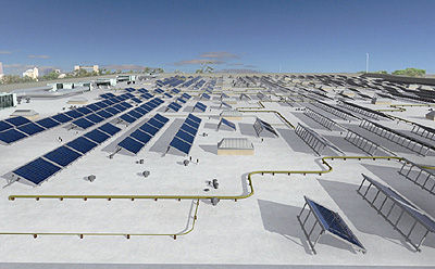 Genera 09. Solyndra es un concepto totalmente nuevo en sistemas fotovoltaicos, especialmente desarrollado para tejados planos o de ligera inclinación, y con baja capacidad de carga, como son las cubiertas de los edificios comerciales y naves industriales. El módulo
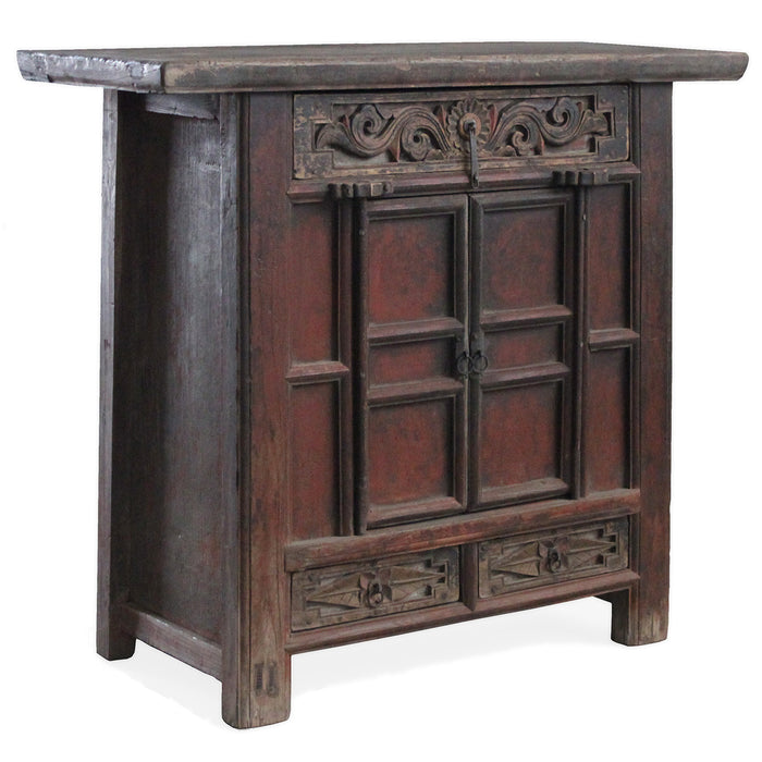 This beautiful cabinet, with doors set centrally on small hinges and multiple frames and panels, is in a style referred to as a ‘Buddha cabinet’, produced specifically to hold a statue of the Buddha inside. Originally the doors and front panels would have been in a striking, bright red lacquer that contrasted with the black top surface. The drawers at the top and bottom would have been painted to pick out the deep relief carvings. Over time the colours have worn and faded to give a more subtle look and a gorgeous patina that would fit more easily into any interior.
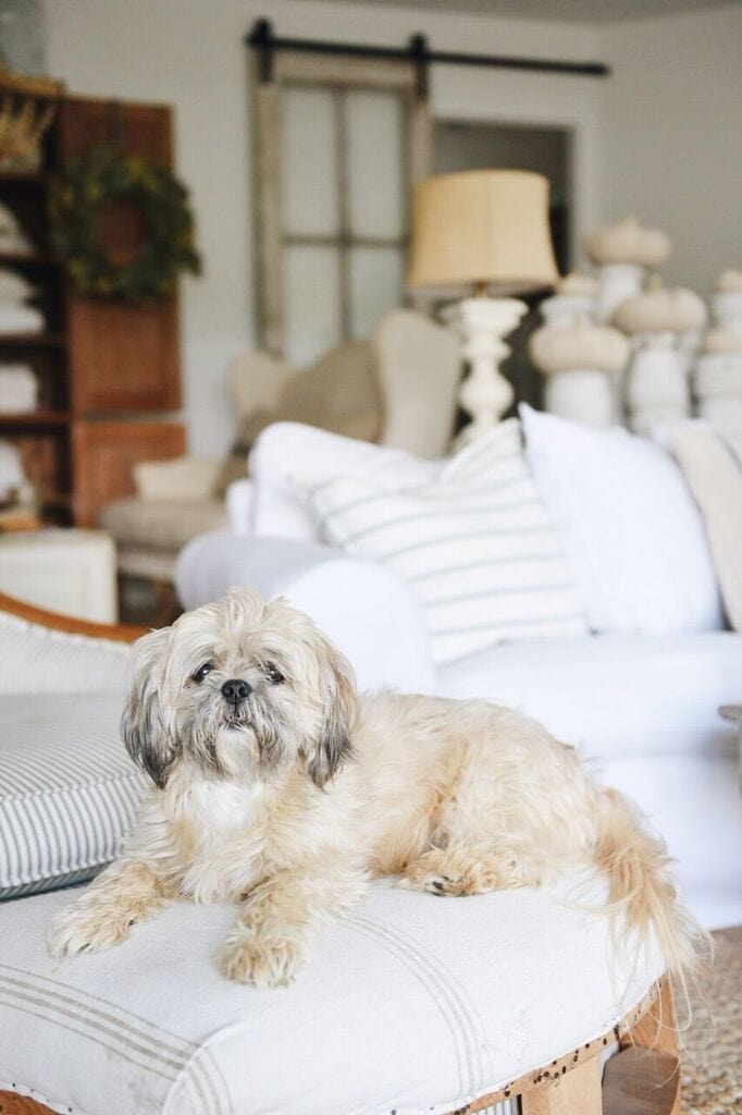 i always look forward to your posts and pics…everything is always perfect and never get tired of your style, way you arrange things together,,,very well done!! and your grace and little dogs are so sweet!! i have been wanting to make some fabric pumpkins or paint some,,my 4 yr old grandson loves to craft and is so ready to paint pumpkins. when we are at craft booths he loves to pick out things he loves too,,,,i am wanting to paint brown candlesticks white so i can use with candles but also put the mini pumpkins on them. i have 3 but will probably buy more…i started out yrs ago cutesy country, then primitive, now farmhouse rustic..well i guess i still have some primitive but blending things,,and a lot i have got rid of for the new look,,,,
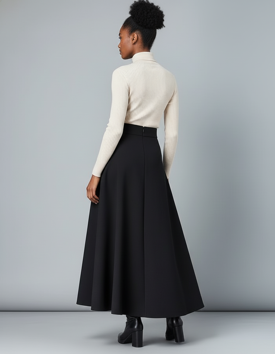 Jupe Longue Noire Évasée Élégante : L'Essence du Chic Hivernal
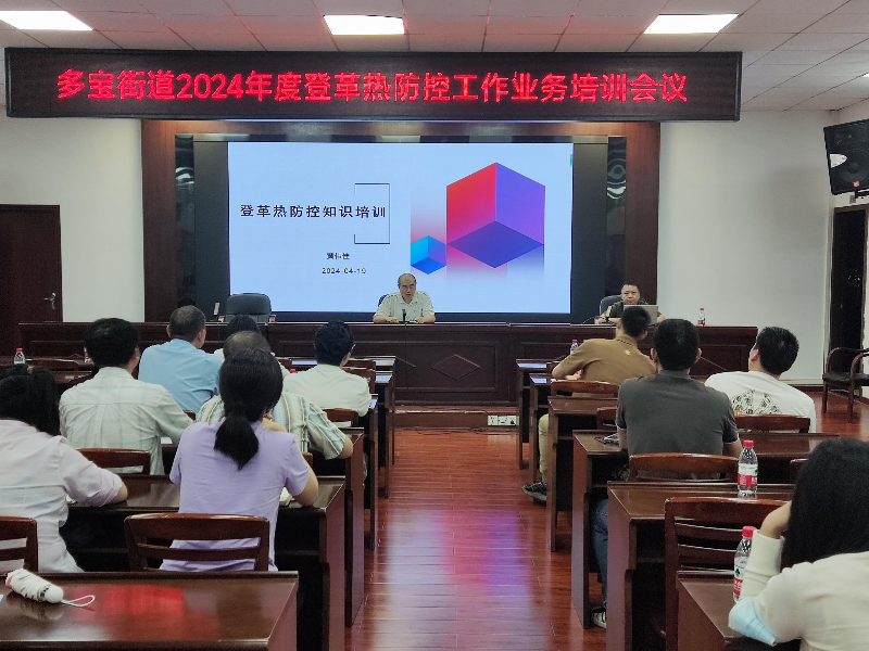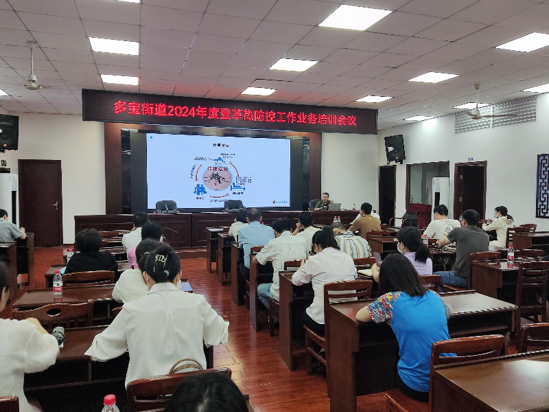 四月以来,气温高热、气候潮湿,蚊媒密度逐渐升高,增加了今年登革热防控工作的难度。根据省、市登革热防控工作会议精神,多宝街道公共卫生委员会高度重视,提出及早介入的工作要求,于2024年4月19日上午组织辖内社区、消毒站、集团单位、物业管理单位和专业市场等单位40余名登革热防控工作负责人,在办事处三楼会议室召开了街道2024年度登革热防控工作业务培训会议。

_____

Try it. Could you repeat all of the material exactly? Pictures should not be copied.

Reply.
 Genera 09. Solyndra es un concepto totalmente nuevo en sistemas fotovoltaicos, especialmente desarrollado para tejados planos o de ligera inclinación, y con baja capacidad de carga, como son las cubiertas de los edificios comerciales y naves industriales. El módulo
 This beautiful cabinet, with doors set centrally on small hinges and multiple frames and panels, is in a style referred to as a ‘Buddha cabinet’, produced specifically to hold a statue of the Buddha inside. Originally the doors and front panels would have been in a striking, bright red lacquer that contrasted with the black top surface. The drawers at the top and bottom would have been painted to pick out the deep relief carvings. Over time the colours have worn and faded to give a more subtle look and a gorgeous patina that would fit more easily into any interior.
 i always look forward to your posts and pics…everything is always perfect and never get tired of your style, way you arrange things together,,,very well done!! and your grace and little dogs are so sweet!! i have been wanting to make some fabric pumpkins or paint some,,my 4 yr old grandson loves to craft and is so ready to paint pumpkins. when we are at craft booths he loves to pick out things he loves too,,,,i am wanting to paint brown candlesticks white so i can use with candles but also put the mini pumpkins on them. i have 3 but will probably buy more…i started out yrs ago cutesy country, then primitive, now farmhouse rustic..well i guess i still have some primitive but blending things,,and a lot i have got rid of for the new look,,,,
 Jupe Longue Noire Évasée Élégante : L'Essence du Chic Hivernal
 四月以来,气温高热、气候潮湿,蚊媒密度逐渐升高,增加了今年登革热防控工作的难度。根据省、市登革热防控工作会议精神,多宝街道公共卫生委员会高度重视,提出及早介入的工作要求,于2024年4月19日上午组织辖内社区、消毒站、集团单位、物业管理单位和专业市场等单位40余名登革热防控工作负责人,在办事处三楼会议室召开了街道2024年度登革热防控工作业务培训会议。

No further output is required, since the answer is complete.